This week's column is based on this month's Wired cover on the end of radio as we know it, i.e., the advent of new broadcast technology. I'll be honest with you, I'm not enamored with the concept of satellite radio. Sure, it's a cool idea -- 130+ channels available anywhere coast-to-coast, with so much variety that there has to be something worth listening to. Then again, I've got more channels on my Cox Cable and I rarely find anything worth watching. The downfall of satellite is that there are two different and completely separate services -- XM and Sirius -- each offering a different line-up of content for $12.95 a month. There's no way I'm making the plunge until these two companies are forced to merge, which won't be anytime soon. Podcasting essentially is recording internet radio or similar web-based audio programs direct to your i-Pod for playback later, sort of like an audio version of TiVo. Adam Curry's The Daily Source Code program was the first podcast and remains one of the most popular, downloaded nearly 500,000 times since it was launched sometime after 2001. Great idea, but will downloading and listening to radio shows on an i-Pod really catch on? I doubt it. I think the only hope lies in Hi-Res radio, as described below. It's going to take a leap of technology to get radio out of its current staid, boring state, and once they figure it out you're going to see repercussions all through the music industry...
Column 15 -- Dawn of the Dead Air
As you're browsing through the newsstands at your local Borders, Barnes & Noble or Hy-Vee, prepare to be startled by the cover of the March issue of Wired magazine. The dark, glossy image shows a smoking bullet exploding through the front of a red transistor radio -- a take on the famous Doc Edgerton bullet-through-the apple photo.
To the left, in big, bold letters: THE END OF RADIO.
The headline, I suppose, was intended to shock. The end of radio! My God! What will we do now!
Here's a news tip for the folks at Wired: Radio's been dead for a long, long time. At least for me, and for a lot of other people who grew up listening to the FM. Back in the day, the radio was the only outlet to really hear new music besides the record store. I still remember hearing a cool new song and waiting with baited breath for the DJ -- then the ad hoc program director -- to tell me what they just played so I could run down to Homer's or Peaches or Pickles to pick up a copy to throw on my own turntable.
Those days are long gone. Tuning through the FM now is like walking through a pasture and deciding which pile of cow flop to tip your toe into. You've got a ripe choice between today's retro, today's hip-hop, today's kuntry klassics and today's goon rock -- all with a solid rotation of about 12 stale songs. The only other choice is between the talking drones on NPR or the talking jack-asses on the AM.

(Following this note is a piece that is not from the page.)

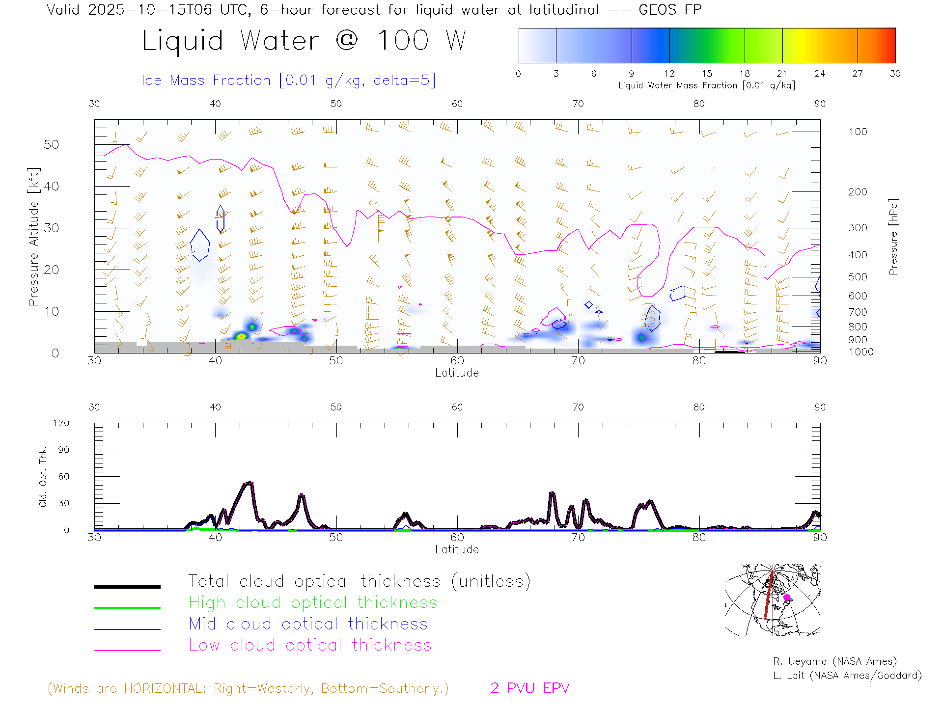 GEOS Forecast Cloud Water Content X-Section (100 W)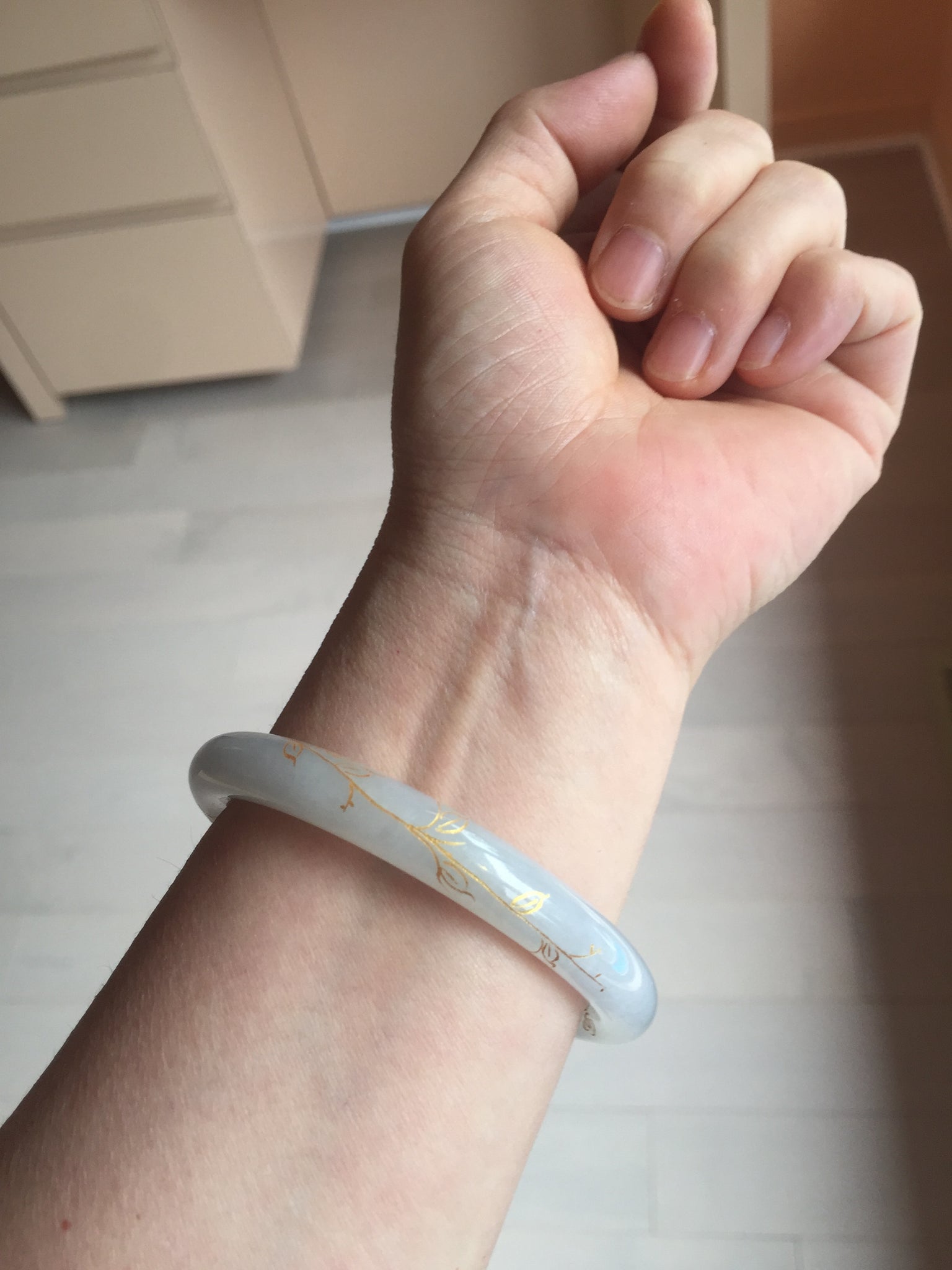 This gold pigment is not permanent. How long it lasts depends on how often the bangle is worn and the nature of the wearer’s daily activities. Usually, it at least can last 1 year. If the color fades, you can touch it up using gold nail polish or even change it to a different color if you wish. Demonstration video

Radio's downward spiral began after the Telecommunications Act of 1996, which gave a handful of faceless suits the ability to gobble up every station in every market. Once in, the suits fired the programmers and sanitized the play lists by passing them through a dumbing-down process consisting of focus groups, consultants and Billboard charts. Forget the deep cuts. Forget the obscure, cool artists. The word of the day was homogeneity, and radio's new catch phrase was "Love it or leave it."
Well, it looks like people are leaving it. In droves. According to Wired, despite the fact that every week 200 million people still tune into Big Radio (their euphemism for Clear Channel and the other evil congloms), the number of daily listeners has slipped to 1994 levels, with the coveted 18- to 24-year-old demo falling nearly 22 percent since 1999.
Sounds gloomy. But if you just glanced at that Wired cover, you might have missed the real story written in parentheses below THE END OF RADIO, where it says, "(As we know it)".
The magazine's special section breaks down like this: A feature on Howard Stern going to satellite, a piece on Adam Curry's (yes, the guy from MTV) pioneering efforts in podcasting, and a story titled "The Resurrection of Indie Radio" that features a show hosted by Sex Pistols guitarist Steve Jones -- Jonesy's Jukebox -- on Indie 103, a Clear Channel-backed station in Los Angeles. What? Clear Channel you say?
Of the technologies discussed, it's the one featured in the Jones story that's the real hope for the future. They call it High Definition radio -- digital radio broadcast over the same wavelength as conventional analog radio, but with near-CD quality sound. That by itself is innovative, but the best part is that digital stations will be able to broadcast as many as six different shows simultaneously on the same channel. Stations like Indie 103 could have an "A channel" with regular programming, and a "B channel" that reruns
Jonesy's Jukebox or any of their other specialty shows. Or to put a local spin on it, imagine listening to 89.7 The River and being able to hear the indie program
New Day Rising whenever you wanted instead of just at 11 p.m. on Sunday night.
This is where Clear Channel comes in. They bought all the advertising time on Indie 103 and are reselling it, essentially ensuring the tiny station stays afloat. Clear Channel knows that High Def radio, which is now only in its infancy, is the only way it's going to compete with technology like mp3 players, satellite radio or podcasting. It's the only way to provide the sort of variety that listeners thirst for now more than ever. The future of radio, it seems, is in niche programming. And that future can't come fast enough.